As far as i'm concerned it's already over with the other girl we've not talked since i told her my GF and i are back together stronger than ever and that she accepted my dressing.

marie354
02-03-2007, 09:30 PM
So, maybe I misunderstood you, but how is now complicated?
The mistress has been let go and you're back with your wife?
I concider my GF as my wife as we both believe we'll be together forever.
I have never attempted to indicate to another that my current relationship was "on the rocks", so to speak. Even if we had a disagreement. I know that we would always work out something... A comprimise. (Usually in her favor, but I like it that way.)
From all of your explainations to this point, it seems that you have worked things out..... But how long will it take her to trust you again.

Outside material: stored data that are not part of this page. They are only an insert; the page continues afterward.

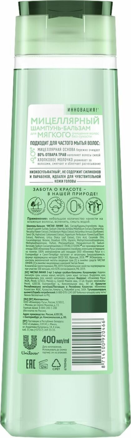 Купить Шампунь - бальзам 2в1 Чистая Линия 400мл 67267515
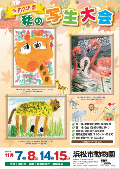 規定の画用紙配布:9:00~14:00(ゾウ広場) 提出:当日15:30まで(ゾウ広場) ※1人1点まで |
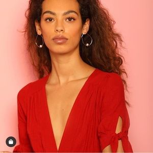 This adorable red romper comes from a store called Mulberry and Grand. The romper is slightly low cut and has three buttons down the middle with cute ties on the sleeve. The store no longer carries this item, but happy to share a full length photo with anyone who is interested.
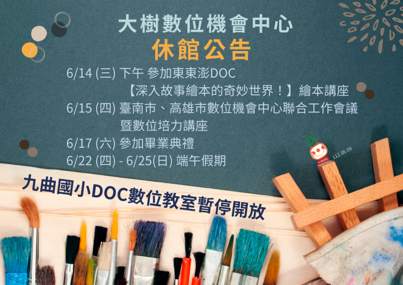 最新消息 DOC快訊 ::: <上一則 返回列表 下一則> 大樹DOC 112年6月休館公告 發布日期:2023-06-09 人氣:128 大樹數位機會中心 休館公告 6/14 (三) 下午 參加東東澎DOC 【深入故事繪本的奇妙世界!】繪本講座 6/15 (四) 臺南市、高雄市數位機會中心聯合工作會議 暨數位培力講座 6/17 (六) 參加畢業典禮 6/22 (四) - 6/25(日) 端午假期 九曲國小DOC數位教室暫停開放 <上一則 返回列表 下一則>
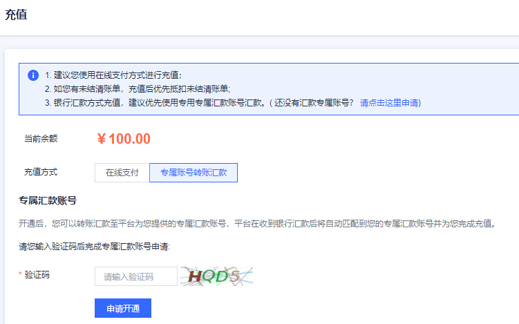 5、输入验证码,单击“申请开通”,申请开通专属汇款账号。
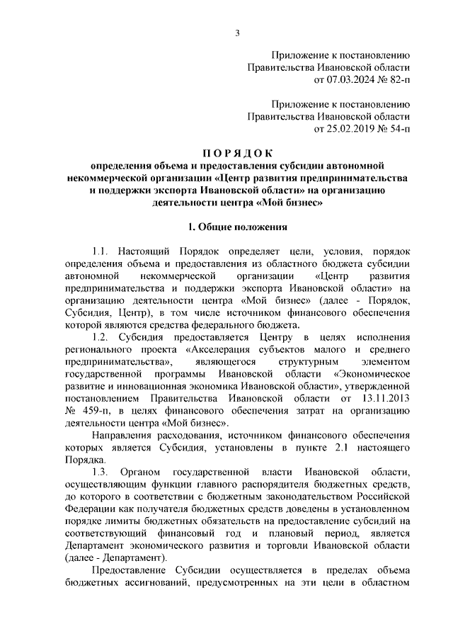 Постановление Правительства Ивановской области от 07.03.2024 N 82-п "О внесении изменений в постановление Правительства Ивановской области от 25.02.2019 N 54-п "Об утверждении Порядка определения объема и предоставления субсидии автономной некоммерческой организации "Центр развития предпринимательства и поддержки экспорта Ивановской области" на организацию деятельности центра "Мой бизнес"
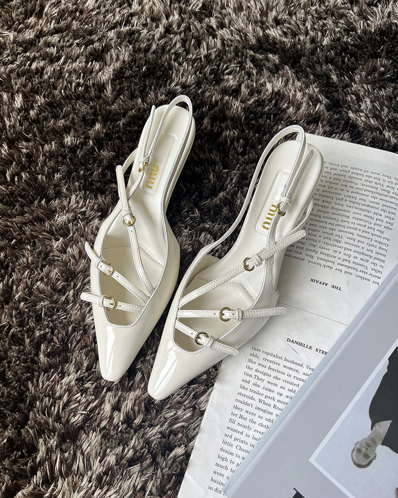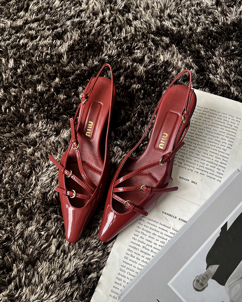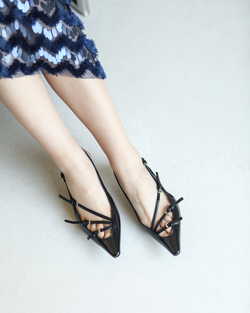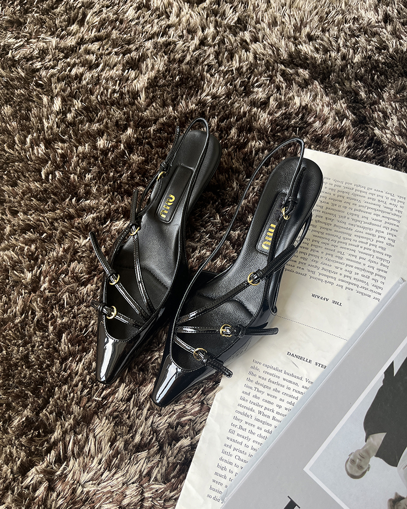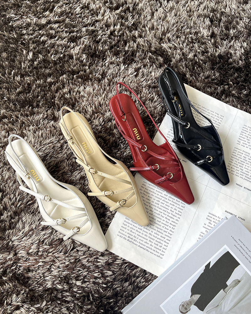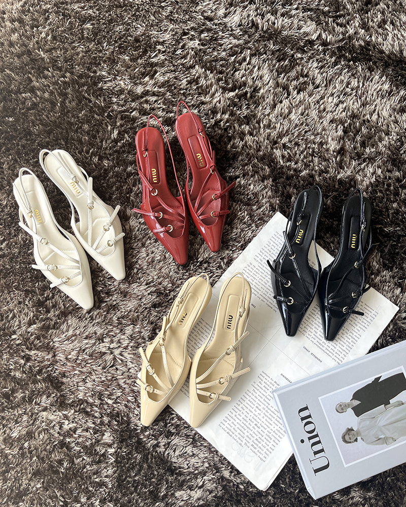 现货 THS 5.18-限时 缪家 女士小尖头漆皮 优雅绑带猫跟穆勒凉鞋 4色 BZ1176
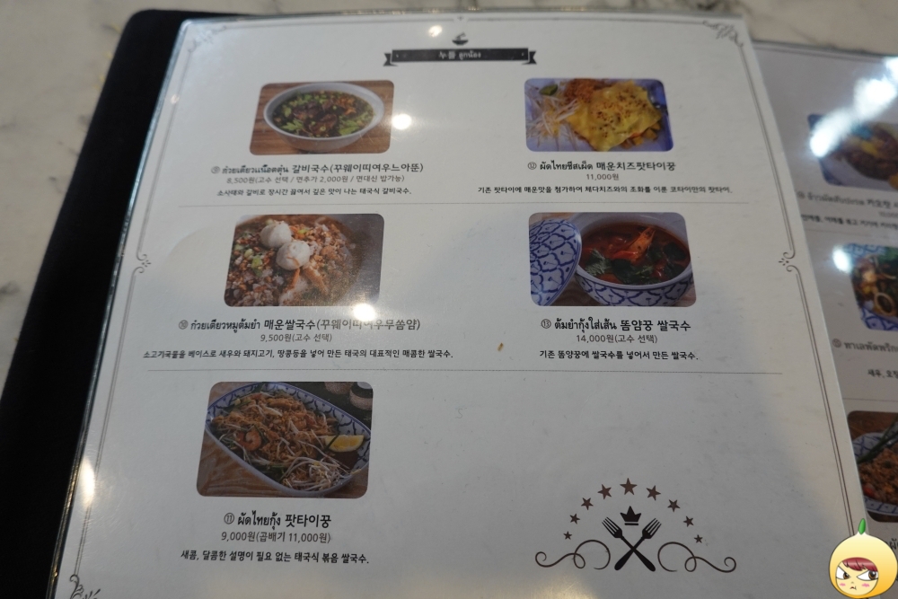 역시 태국 음식점답게 메뉴가 많아도 겁나 많다. 전메뉴 도장깨기는 애당초 포기하고, 가장 먹고 싶은 메뉴를 골랐다. 우리네 겉절이같은 쏨땀(10,000원)과 갈비탕같은 갈비국수(8,500원)를 주문했다.
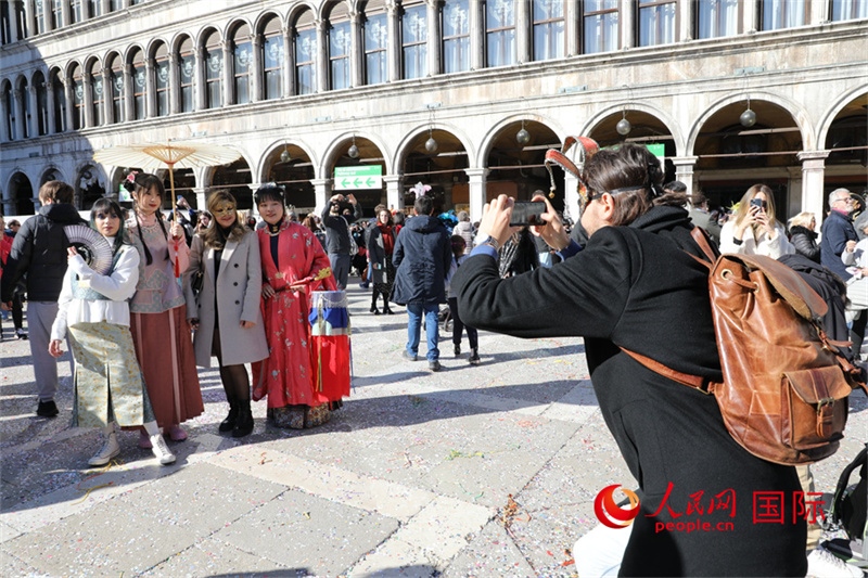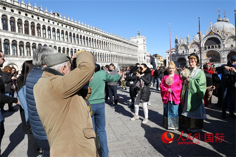 人民網(wǎng)威尼斯2月14日電 (記者謝亞宏)2月13日,為期兩周的年度威尼斯狂歡節(jié)迎來最后一天,期間舉行了威尼斯大學孔子學院與蘇州絲綢博物館合作主辦的漢服巡游活動。
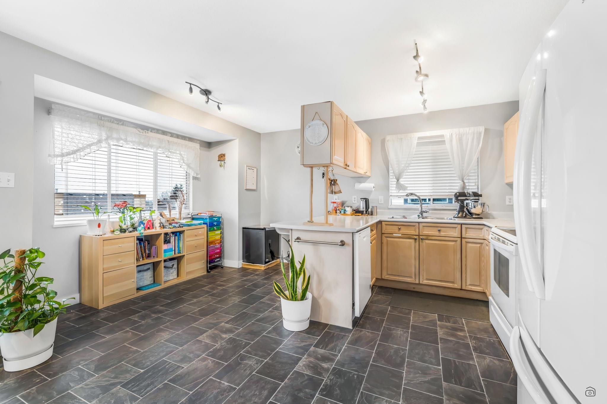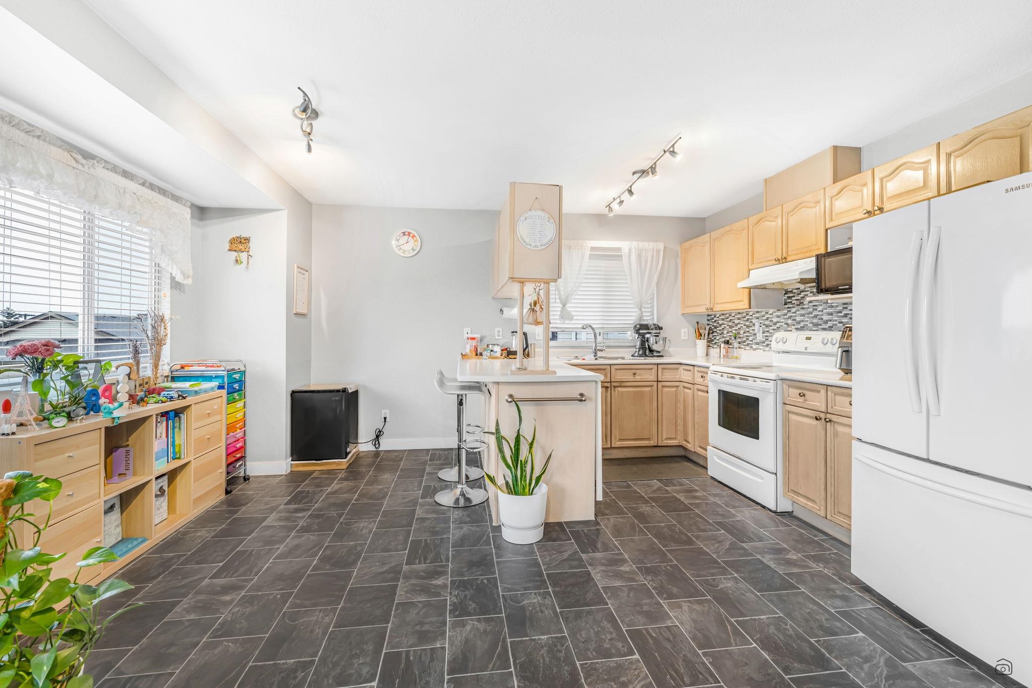 Nice rancher style home with a full basement. 3 spacious bedrooms including large master bedroom with 4-piece ensuite featuring his & hers sink and vanity with ample storage. Open floor plan on main levels creates an inviting atmosphere - great for entertaining family & friends any time of the year. Great Mt. Baker & valley views from the sundeck. Close to schools, shopping, recreation, public transit, restaurants, malls, parks & easy access to hwy.

Is that what you mean by complicated?
:hugs:

bredalee25
02-04-2007, 08:59 AM
When i say it's complicated i'm refering to everytime i or she posts something certain members of this forum keep bringing up all the negative things and don't say anything good about it. As we stated before we're trying to put this in the past but some people just won't let it happen. I've been a member of this forum for over two years and in that time i've only had one other problem with any of it's members. I've taken the advice of other members and invited my GF to join this site to read and get a better understanding of what CDing is and how we as CDers think. Some of us think differently than others do so i thought it would help our situation not hurt it like it seems to be doing at this time. I'm starting to regret ever asking her to join as some of you have made her feel worse about accepting my way of life. Those few of you should be ashamed of your actions but you're not it's as if you don't care who you hurt as long as it's not you yourself getting hurt.